Pdf manipulation in Python

Python 3 Comments

For the past few months, apart from the data issue, I am involved in merging multiple pdfs to create a book of reading for the university. Refer to my post: Pdf merging. I am using two different libraries to complete this project: pypdf and reportlab

Here is a very simple example of using reportlab library to create pages with or without content and save to output file (Note: it will only return buffer of the page, so we need to use PdfFileReader to read the page):

[html]
from pyPdf import PdfFileWriter, PdfFileReader
from reportlab.lib import pagesizes
from reportlab.pdfgen import canvas
from reportlab.lib.units import cm, mm, inch
from StringIO import StringIO

PAGESIZE = pagesizes.A4

def createPdfPage(nPages, pagesize=None, content=None):
        buffer = StringIO()
        c = canvas.Canvas(None)
        if pagesize is None:
            pagesize = PAGESIZE
        c.setPageSize(pagesize)
        c.showOutline()
        for page in range(nPages):
            if content:
                c.drawString(9*cm, 22*cm, content)
            c.showPage()
        buffer.write(c.getpdfdata())
        buffer.seek(0)
        return buffer

#simple PdfFileWriter class
class PdfWriter(object):
    def __init__(self, outputFile):
        self.outputWriter = PdfFileWriter()
        self.__outputFile = outputFile
       
    def savePdf(self):
        outputStream = file(self.__outputFile, "wb")
        self.outputWriter.write(outputStream)
        outputStream.close()
   
    def addPage(self, page):
        self.outputWriter.addPage(page)
   
#create 2 pages of pdfs file, one is empty, one with content
outputFile = "test.pdf"

#create PdfWriter
pdfWriter = PdfWriter(outputFile)
#create a page without any content
emptyPageBuffer = createPdfPage(1)
emptyPageReader = PdfFileReader(emptyPageBuffer)
#get the page and append it to the output stream
pdfWriter.addPage(emptyPageReader.getPage(0))

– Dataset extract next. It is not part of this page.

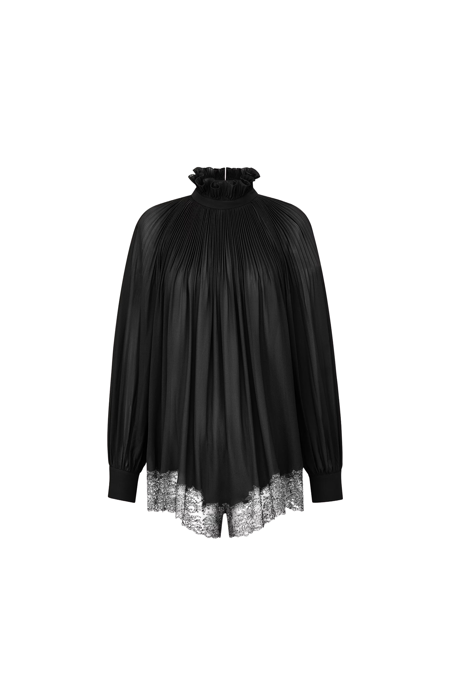 Oversized long-sleeve romper by Saint Laurent featuring a lavallière neckline, drop shoulders, and lace-trim shorts. Designed with a front button closure and one-button mitered cuffs.

pageWithContent = createPdfPage(1, content="more content")
pageWithContentReader = PdfFileReader(pageWithContent)
#get the page and append it to the output stream
pdfWriter.addPage(pageWithContentReader.getPage(0))

#save the pdf
pdfWriter.savePdf()

Here is another example merging two files with additional blank page in between the two files:

[html]
fileOne = "test.pdf"
fileTwo = "test2.pdf"
outputFile = "outputFile.pdf"
#createWriter for fileOne
pdfWriter = PdfWriter(fileOne)

#create pdfReader for test.pdf
fileOneStream = file(fileOne, "rb")
pdfReader = PdfFileReader(fileOneStream)
for page in range(pdfReader.getNumPages()):
    pdfWriter.addPage(pdfReader.getPage(page))
fileOneStream.close()

#create an empty page
#create a page without any content
emptyPageBuffer = createPdfPage(1)
emptyPageReader = PdfFileReader(emptyPageBuffer)
#get the page and append it to the output stream
pdfWriter.addPage(emptyPageReader.getPage(0))

#create pdfReader for test2.pdf
fileTwoStream = file(fileTwo, "rb")
pdfReader = PdfFileReader(fileTwoStream)
for page in range(pdfReader.getNumPages()):
    pdfWriter.addPage(pdfReader.getPage(page))
fileTwoStream.close()

#save the pdf
pdfWriter.savePdf()

There are lot of cases users need to split the pdfs file using tools like Adobe or other available tools. Although the splitted pdfs can be viewed using pdf viewer, some of these pdfs might be corrupted, e.g. no pdf end of file maker (%%EOF) at the end of the pdf. PdfFileReader will not be able to read the pdf if the EOF marker not found. To fix this:

[html]
#check if the pdf is corrupted, and try to fix it...
def fixPdf(pdfFile):
    try:
        fileOpen = file(pdfFile, "a")
        fileOpen.write("%%EOF")
        fileOpen.close()
        return "Fixed"
    except Exception, e:
        return "Unable to open file: %s with error: %s" % (pdfFile, str(e))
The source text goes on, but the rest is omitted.